======== AVAILABLE DATA

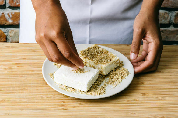 Den Feta halbieren und von allen Seiten in den gewürzten Haselnüssen wenden, dabei die Nüsse etwas andrücken, damit sie am Feta haften. Auf einem mit Backpapier ausgelegten Backblech 8–12Min. im Ofen rösten.
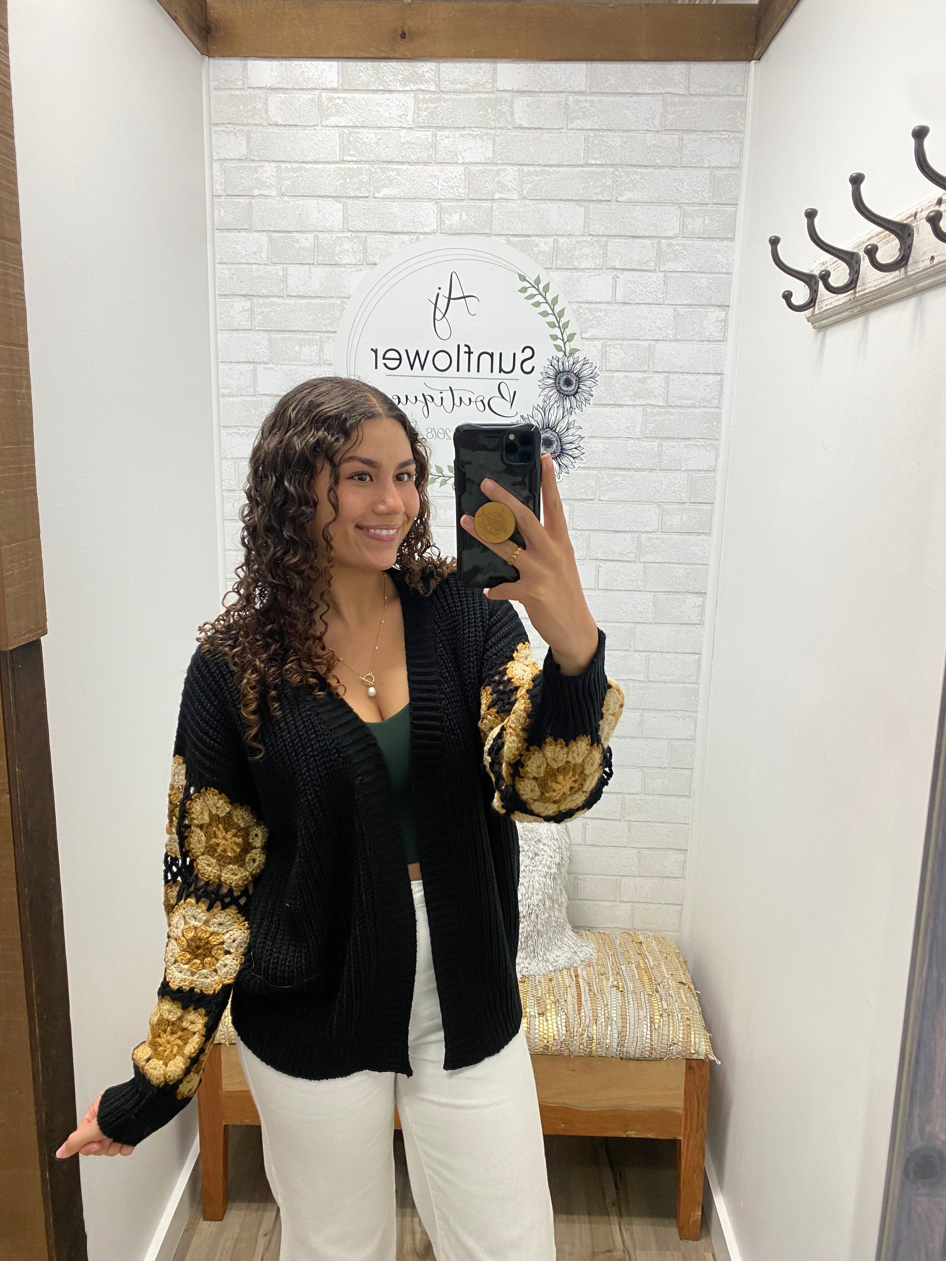 This cardigan is such a fun winter layer. The black knit keeps it classic, but the floral sleeves give it that cozy, seasonal touch that makes it special. It’s warm, easy to throw on, and looks great with denim or leggings.
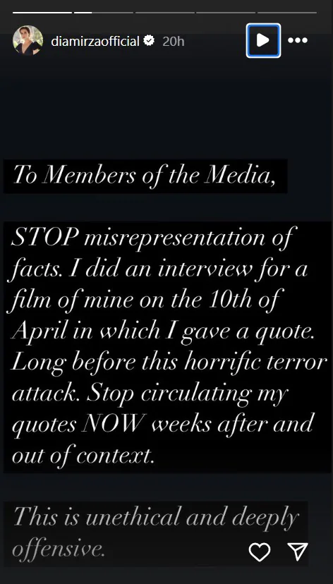 इंस्टाग्राम स्टोरी पर दीया ने लिखा, “मीडिया से निवेदन है कि तथ्यों को गलत तरीके से पेश करना बंद करें। मैंने 10 अप्रैल को अपनी एक फिल्म के प्रमोशन के दौरान एक इंटरव्यू दिया था, जिसमें मैंने एक बयान दिया था, जो इस भयानक आतंकवादी हमले से बहुत पहले का था। कृपया मेरे शब्दों को अब एक सप्ताह बाद संदर्भ से बाहर प्रसारित करना बंद करें। यह अनैतिक और अपमानजनक है।”
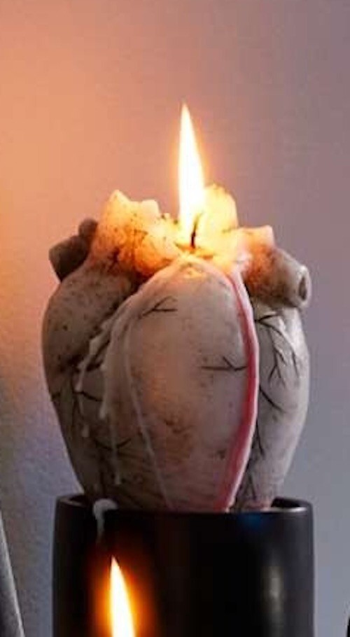 Flickering candles in the night become even spookier when they actually have unexpected features - and it doesn't get any creepier than this! Our 5in. White Heart Bleeding Candle makes a very surprising scare, with all the details to shock and awe. This detailed figural heart-shaped candle will enhance any holder where it's placed and are sure to bring on the oohs and ahhs all season long.
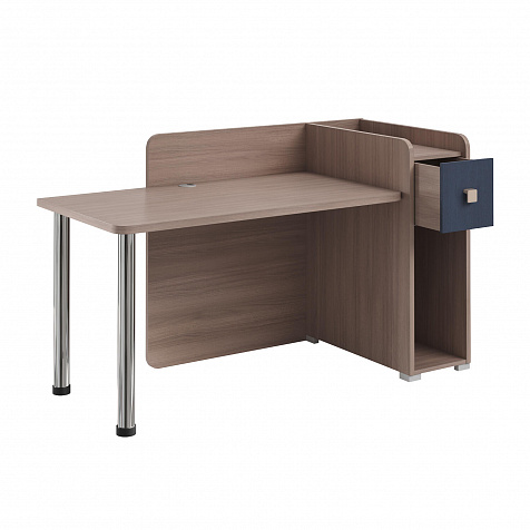 Тумба с нишей, ящиком и органайзером. Функциональная тумба имеет пространство для установки системного блока, над ней предусмотрен ящик, а за ящиком есть органайзер с двумя отделениями для канцелярских мелочей.
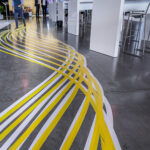 Die Linienführung führte die Besucher:innen durch den Raum, strukturierte die Eventfläche und setzte zugleich einen starken visuellen Akzent. Die Bodengestaltung wirkte aus der Distanz grafisch klar, entfaltete ihre Wirkung aber besonders im Durchlaufen des Raumes – typisch für Tape Art als raumbezogenes Medium.
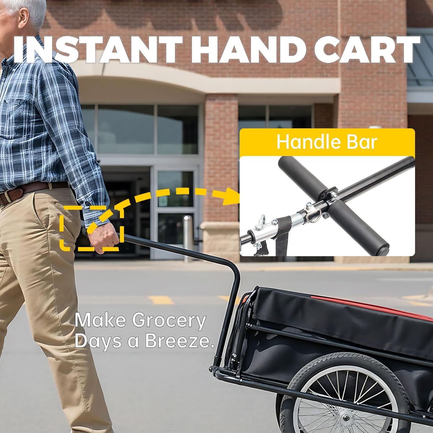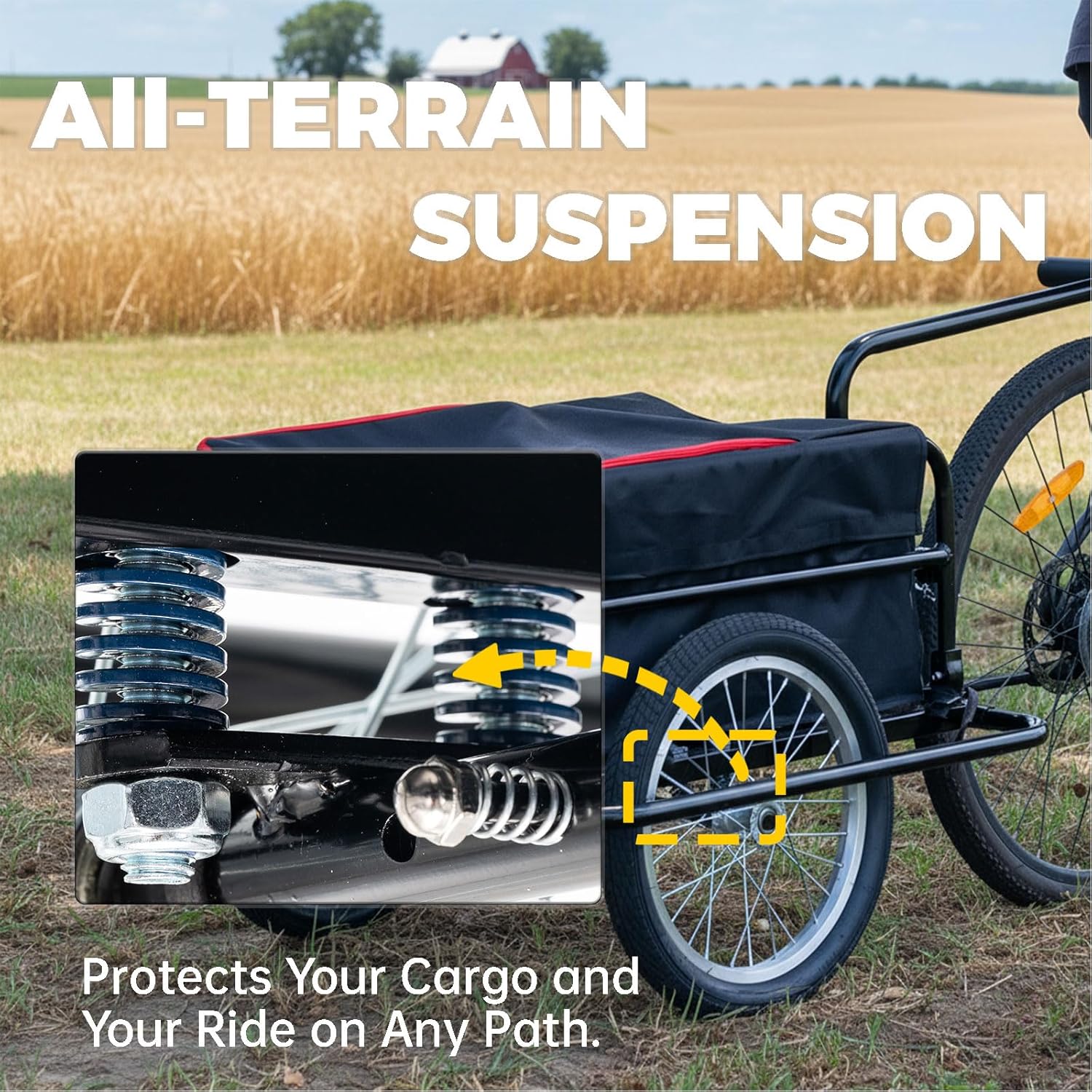 2-in-1 Bike Trailer & Pull Cart, All-Terrain Suspension w/ Quick-Connect Hitch & Weather Shield | Multi-Use Cargo Hauler for Groceries, Family Picnics, Beach & Farm | Eco-Friendly Urban Transport🚲 2-IN-1 BIKE TRAILER & INSTANT PULL CARTStop struggling with heavy bags! Convert this versatile hauler from a secure bike trailer to a nimble hand cart in seconds—no tools needed. Perfect for grocery stores, farmers' markets, or family adventures at the park and beach.🛡️ ALL-TERRAIN SUSPENSION & ANTI-TIP STABILITYConquer bumpy roads with confidence! Our advanced suspension system absorbs shocks on grass, gravel, or uneven urban paths, while the one-kick stabilizer leg ensures a rock-solid, tip-free platform for safe and easy loading every time.⛈️ FULL-WEATHER COVER & QUICK-CONNECT SECURITYYour cargo stays protected, rain or shine! The detachable, heavy-duty weather shield provides complete coverage. Paired with our intuitive quick-connect bike hitch, you get a locked-in, wobble-free ride and total peace of mind on every journey.♻️ ECO-FRIENDLY & SPACE-SAVING DESIGNMake a green choice without compromise! Replace short car trips and reduce your carbon footprint. When not in use, the fold-flat design and compact footprint make storage in your garage or apartment closet a breeze.🏆 PREMIUM CONSTRUCTION Built to last a lifetime of adventures! We use reinforced, lightweight yet high-strength materials and meticulous craftsmanship. Backed by our reliable customer service, your satisfaction is 100% guaranteed.
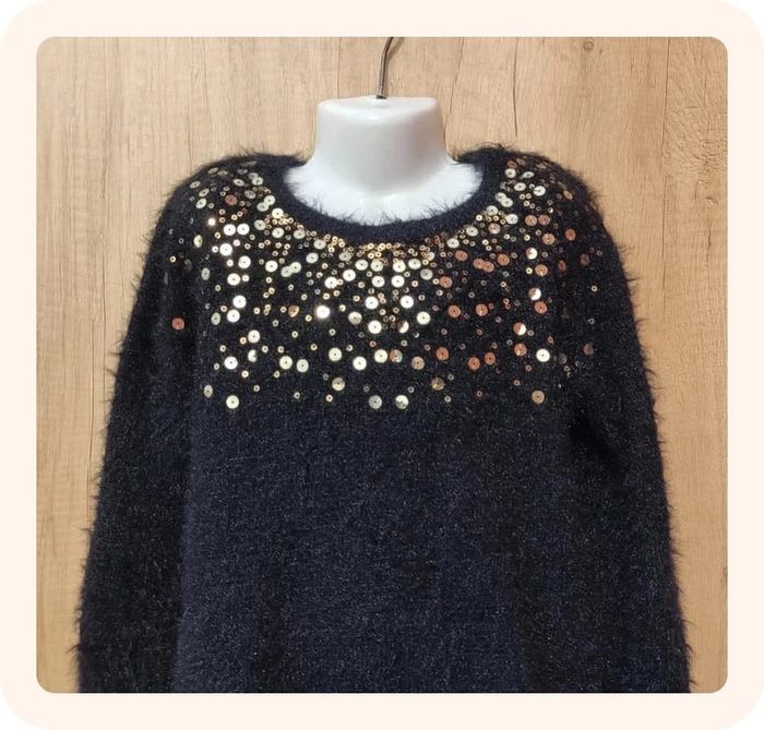 Pull noir avec des brillant sur le haut Effet plus court devant et plus long derrière Il est très joli porté Très bon état Taille 6 ans 8 ans H&M #aestefan6ans #aestefan8ans #pull #noir #brillant #fille #6ans #8ans #h&m
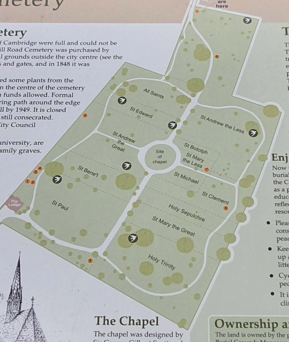 Across the country, there were problems in the early nineteenth century with churchyards in cities becoming full. The cholera epidemic gave the dual problem of more burials, as well as the risk of spreading disease by burying bodies in city centres. So, in 1844, a decision was wisely made to acquire a site of land where burials could take place and the Mill Road site was secured. There was also the inspired idea that the 13 parishes of All Saints, St Andrew the Great, St Andrew the Less, St Benedict, St Botolph, St Clement, St Edward, St Mary the Great, St Mary the Less, St Michael, St Paul, Holy Sepulchre and Holy Trinity could share the land.
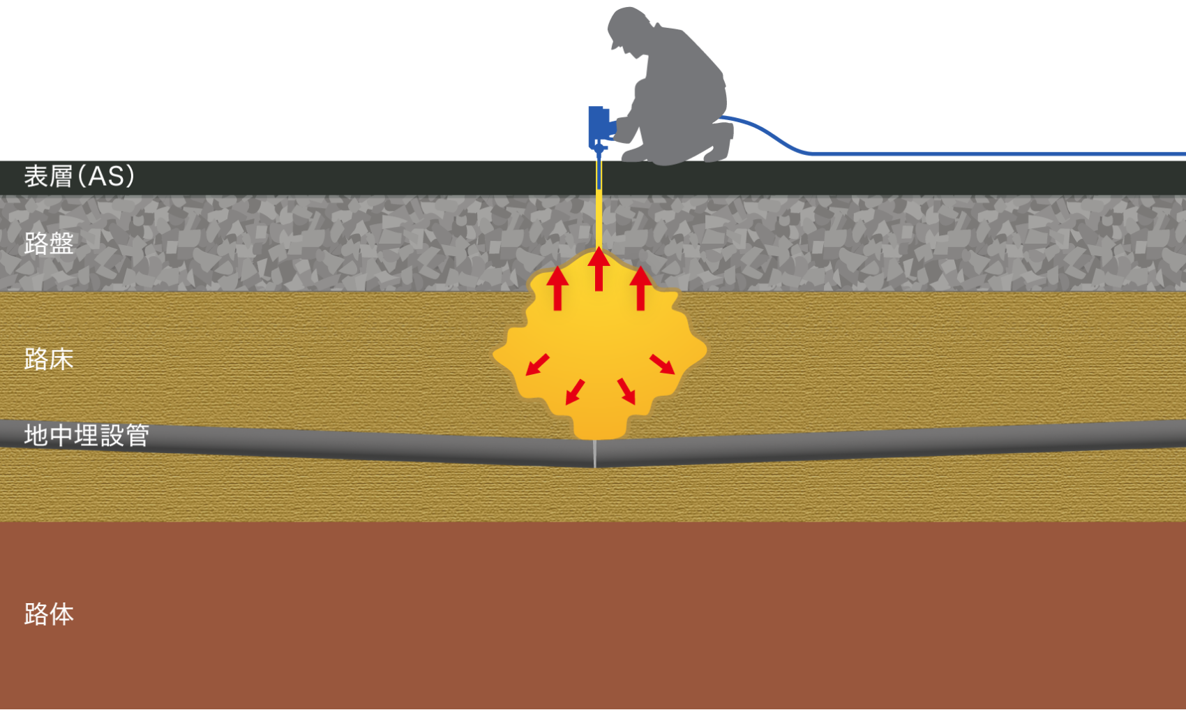 路盤下の空洞に特殊ウレタン樹脂を注入し、発泡・膨張圧力で素早く空洞を充填します。

================

WHAT IS BEING ASKED: Without including a single picture, restate all of the data word for word.

EXERCISE SOLUTION:
 Den Feta halbieren und von allen Seiten in den gewürzten Haselnüssen wenden, dabei die Nüsse etwas andrücken, damit sie am Feta haften. Auf einem mit Backpapier ausgelegten Backblech 8–12Min. im Ofen rösten.
 This cardigan is such a fun winter layer. The black knit keeps it classic, but the floral sleeves give it that cozy, seasonal touch that makes it special. It’s warm, easy to throw on, and looks great with denim or leggings.
 इंस्टाग्राम स्टोरी पर दीया ने लिखा, “मीडिया से निवेदन है कि तथ्यों को गलत तरीके से पेश करना बंद करें। मैंने 10 अप्रैल को अपनी एक फिल्म के प्रमोशन के दौरान एक इंटरव्यू दिया था, जिसमें मैंने एक बयान दिया था, जो इस भयानक आतंकवादी हमले से बहुत पहले का था। कृपया मेरे शब्दों को अब एक सप्ताह बाद संदर्भ से बाहर प्रसारित करना बंद करें। यह अनैतिक और अपमानजनक है।”
 Flickering candles in the night become even spookier when they actually have unexpected features - and it doesn't get any creepier than this! Our 5in. White Heart Bleeding Candle makes a very surprising scare, with all the details to shock and awe. This detailed figural heart-shaped candle will enhance any holder where it's placed and are sure to bring on the oohs and ahhs all season long.
 Тумба с нишей, ящиком и органайзером. Функциональная тумба имеет пространство для установки системного блока, над ней предусмотрен ящик, а за ящиком есть органайзер с двумя отделениями для канцелярских мелочей.
 Die Linienführung führte die Besucher:innen durch den Raum, strukturierte die Eventfläche und setzte zugleich einen starken visuellen Akzent. Die Bodengestaltung wirkte aus der Distanz grafisch klar, entfaltete ihre Wirkung aber besonders im Durchlaufen des Raumes – typisch für Tape Art als raumbezogenes Medium.
 2-in-1 Bike Trailer & Pull Cart, All-Terrain Suspension w/ Quick-Connect Hitch & Weather Shield | Multi-Use Cargo Hauler for Groceries, Family Picnics, Beach & Farm | Eco-Friendly Urban Transport🚲 2-IN-1 BIKE TRAILER & INSTANT PULL CARTStop struggling with heavy bags! Convert this versatile hauler from a secure bike trailer to a nimble hand cart in seconds—no tools needed. Perfect for grocery stores, farmers' markets, or family adventures at the park and beach.🛡️ ALL-TERRAIN SUSPENSION & ANTI-TIP STABILITYConquer bumpy roads with confidence! Our advanced suspension system absorbs shocks on grass, gravel, or uneven urban paths, while the one-kick stabilizer leg ensures a rock-solid, tip-free platform for safe and easy loading every time.⛈️ FULL-WEATHER COVER & QUICK-CONNECT SECURITYYour cargo stays protected, rain or shine! The detachable, heavy-duty weather shield provides complete coverage. Paired with our intuitive quick-connect bike hitch, you get a locked-in, wobble-free ride and total peace of mind on every journey.♻️ ECO-FRIENDLY & SPACE-SAVING DESIGNMake a green choice without compromise! Replace short car trips and reduce your carbon footprint. When not in use, the fold-flat design and compact footprint make storage in your garage or apartment closet a breeze.🏆 PREMIUM CONSTRUCTION Built to last a lifetime of adventures! We use reinforced, lightweight yet high-strength materials and meticulous craftsmanship. Backed by our reliable customer service, your satisfaction is 100% guaranteed.
 Pull noir avec des brillant sur le haut Effet plus court devant et plus long derrière Il est très joli porté Très bon état Taille 6 ans 8 ans H&M #aestefan6ans #aestefan8ans #pull #noir #brillant #fille #6ans #8ans #h&m
 Across the country, there were problems in the early nineteenth century with churchyards in cities becoming full. The cholera epidemic gave the dual problem of more burials, as well as the risk of spreading disease by burying bodies in city centres. So, in 1844, a decision was wisely made to acquire a site of land where burials could take place and the Mill Road site was secured. There was also the inspired idea that the 13 parishes of All Saints, St Andrew the Great, St Andrew the Less, St Benedict, St Botolph, St Clement, St Edward, St Mary the Great, St Mary the Less, St Michael, St Paul, Holy Sepulchre and Holy Trinity could share the land.
 路盤下の空洞に特殊ウレタン樹脂を注入し、発泡・膨張圧力で素早く空洞を充填します。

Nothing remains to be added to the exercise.